Lo primero que se me ocurrió fue llamar a Castillo. Castillo es el encargado de organizar las agendas de
todos los profesores de golf. Le dije que había tenido un accidente. No sé por qué no le dije que había
sido víctima del atentado de la noche anterior. Le pedí que cancelara todas mis clases, y que el martes,
cuando volviera a abrir el club, retomaría las clases con mis alumnos de golf. Creo que no había
alcanzado a calcular la gravedad de mis heridas.

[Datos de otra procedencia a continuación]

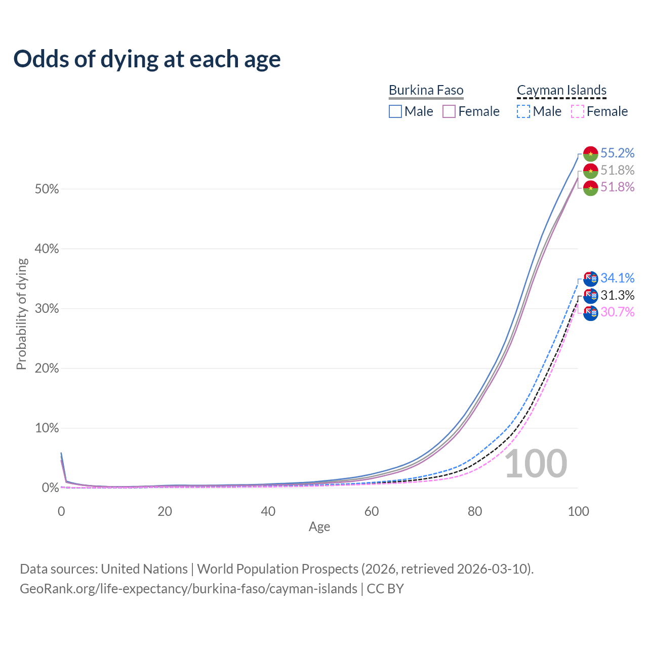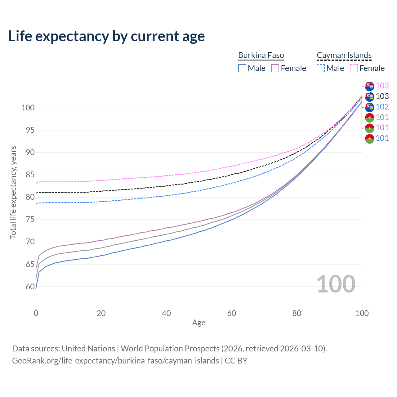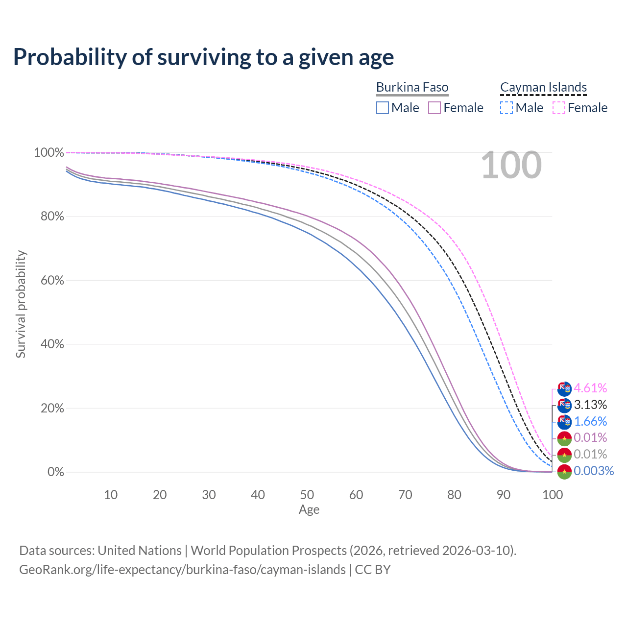This life expectancy calculator shows the odds of living to 100, 95, 90, and below based on current age for both males and females in Burkina Faso and the Cayman Islands, along with mean and median age of death. The calculations are based on the 2026 life tables (actuarial tables) from the UN World Population Prospects.
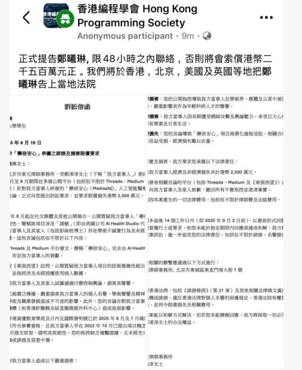 最离谱的是,她还收到一封声称来自“北京市东元律师事务所”(后被网民查出该律所已注销)的假律师信,代表“郑浠淳女士”(连名字都搞错),要求她赔偿2500万港币。这些人简直把全世界都当傻子了。

Estuve 12 días hospitalizado, esperando a que las quemaduras se cerraran. Procuré no comer, pues por
las esquirlas en la cola no me podía sentar en el inodoro, y mucho menos podía hacer en el aire, pues no
tenía mis brazos para agarrarme. Los tres meses siguientes tuve que irme al apartamento de mi
hermano a vivir para que él cuidara de mí. Como golfista profesional que soy, estuve alejado de las
canchas por ocho meses, lo cual resultó en una baja de nivel. Afortunadamente como profesional que
soy, no dependo de los torneos, sino de las clases que doy, y eso me permitió retomar mis actividades
diarias sin mayor trastorno. Durante mi recuperación me tocó estar un mes en silla de ruedas, y tres más
con muletas, lo único bueno de esto era no tener que hacer fila en los bancos. Todavía tengo esquirlas
en mi costado derecho. De cuando en vez el cuerpo expulsa alguna, las que no, están a la vista y parecen
heridas de guerra, al tocarlas, se siente el metal del que están hechas. Algunas quedaron a milímetros
de la columna, esos milímetros de distancia impidieron que quedara cuadripléjico.

María Alejandra recibió varias esquirlas y fracturas de tibia y peroné, pero por lo menos mi cuerpo
impidió que 300 más se le clavaran a ella. La hermana de María Alejandra también recibió varias
esquirlas, su novio recibió una en el pulmón, pero afortunadamente evolucionó bien. Como dije, a
Ximena no le pasó nada.

El 15 de noviembre de 2003, una joven que aún recuerdo haber visto a unas mesas de distancia perdió
la vida; otras 2 personas murieron en los hospitales. Como ya dije, de los gringos con las prepagos nunca
se supo nada. Seguramente quedaron muy malheridos pues estaban más cerca y de frente a la granada;
parece que eran funcionarios de la Embajada, pero nunca se pudo confirmar, pues no figuran en los
registros de los hospitales y son un misterio. Dicen que se los llevaron con las prepagos esa misma noche
a Estados Unidos y que encubrieron bien la cosa, pues de comprobarse que eran funcionarios de la
Embajada, el gobierno americano nos habría tenido que indemnizar a todos, pues los funcionarios de
sus embajadas siempre son objetivos militares. Lo único que nos quedó claro de esa noche fue una
indemnización que recibimos de dos salarios mínimos y una carta que llegaría días después avisándonos
que todo el tratamiento de nuestras heridas sería completamente gratuito y cubierto por el gobierno
colombiano. Esa noche quedamos también con una profunda gratitud con esas personas anónimas aún
que nos salvaron la vida, y con la certeza de que la muerte ronda entre nosotros y en cualquier
momento puede estar buscando nuestros nombres.